Among European treasurers, access to credit remains their biggest “treasury nightmare.”
Despite a global tilt toward recovery, many European treasurers remain very concerned that banks will shut off their credit facilities, according to a EuroFinance survey. This has prompted them to look to third-party providers for a wide-range of products usually provided by their relationship banks, including supply chain, lending and FX products.
EuroFinance said thirty-six percent of the 224 corporates surveyed were worried that their bank “would not give them adequate credit facilities” and indicated that this was their “biggest treasury nightmare.”
The global conference and research provider said one of the reasons for treasurers’ concerns was that banks were being more (or too?) aggressive in tying credit availability to the other fee-based products they offer. Ironically, EuroFinance said the European treasurers’ second biggest fear was counterparty risk, which actually may be the reason treasurers are turning away from many banks in the first place. In early September the Financial Times reported that a number of European companies have been shying away from some European banks (mainly in Germany and Spain) due to a percieved high risk of failure (see related story here).
These concerns follow the summer stress tests by European regulators of 91 banks in 20 European countries.
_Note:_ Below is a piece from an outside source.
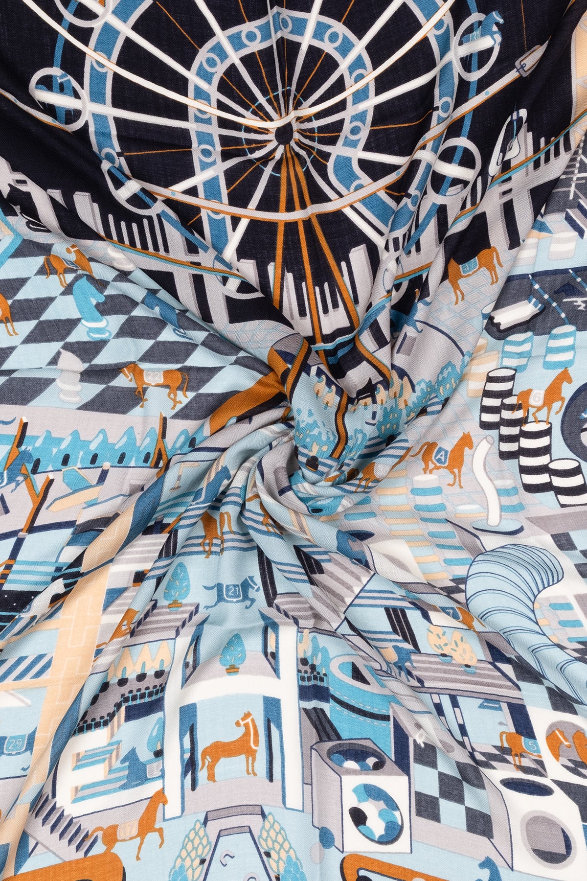 Mavi Ekru Linda Saf Kaşmir Baskılı Eşarp 140x 140 cm

Those tests were widely ridiculed as being too lenient. The tests revealed that the banks could face a total of $730bn in potential losses in a deteriorating economic and financial environment. Only seven banks flunked the tests, having come up short by almost a combined 4.5bn in capital.
Another reason for treasury fearing a cut-off in credit was the coming Basel III regulation, the capital and requirements of which could cause banks to be more conservative in their lending. This is a concern on both sides of the Atlantic, although regulators in the US and EU have said most banks, despite the problem balance sheets, have enough capital for business-as-usual (as long as there are no excessive risks).